Data section —
• • • • •
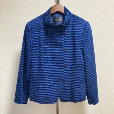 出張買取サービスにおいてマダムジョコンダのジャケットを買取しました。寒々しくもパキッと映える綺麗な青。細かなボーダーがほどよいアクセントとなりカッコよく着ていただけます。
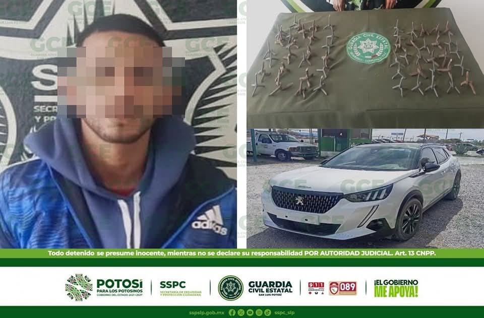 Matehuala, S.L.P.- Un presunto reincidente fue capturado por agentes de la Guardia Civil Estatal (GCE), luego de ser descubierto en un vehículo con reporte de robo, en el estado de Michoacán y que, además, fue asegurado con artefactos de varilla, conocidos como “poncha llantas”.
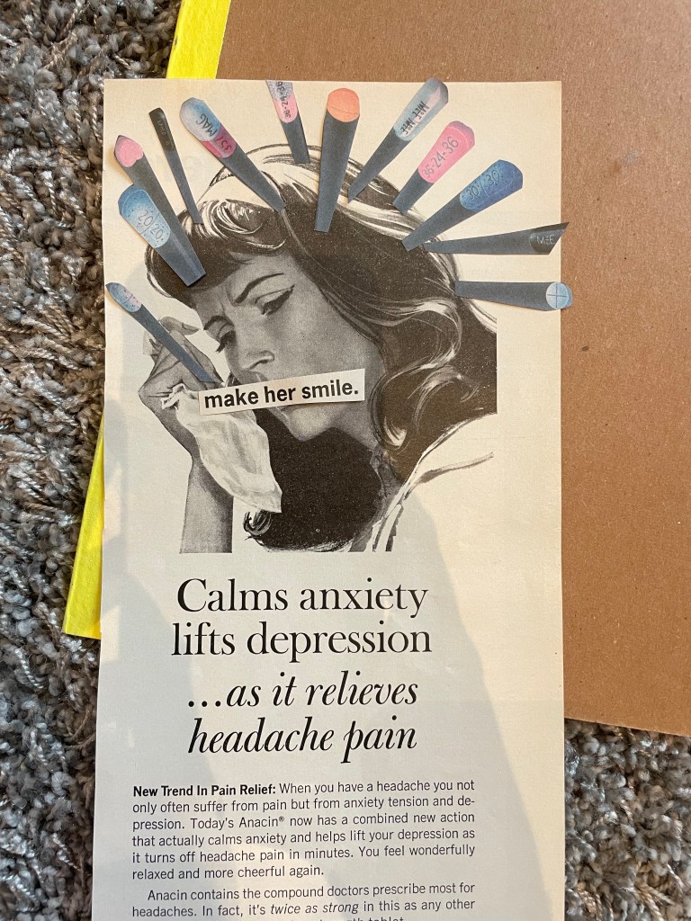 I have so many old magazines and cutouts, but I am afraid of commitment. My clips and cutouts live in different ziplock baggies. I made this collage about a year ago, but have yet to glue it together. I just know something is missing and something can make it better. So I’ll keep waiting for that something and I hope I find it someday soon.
• • • • •
Assignment — Restate the entire listing word for word, excluding pictures.

Written answer —
 出張買取サービスにおいてマダムジョコンダのジャケットを買取しました。寒々しくもパキッと映える綺麗な青。細かなボーダーがほどよいアクセントとなりカッコよく着ていただけます。
 Matehuala, S.L.P.- Un presunto reincidente fue capturado por agentes de la Guardia Civil Estatal (GCE), luego de ser descubierto en un vehículo con reporte de robo, en el estado de Michoacán y que, además, fue asegurado con artefactos de varilla, conocidos como “poncha llantas”.
 I have so many old magazines and cutouts, but I am afraid of commitment. My clips and cutouts live in different ziplock baggies. I made this collage about a year ago, but have yet to glue it together. I just know something is missing and something can make it better. So I’ll keep waiting for that something and I hope I find it someday soon.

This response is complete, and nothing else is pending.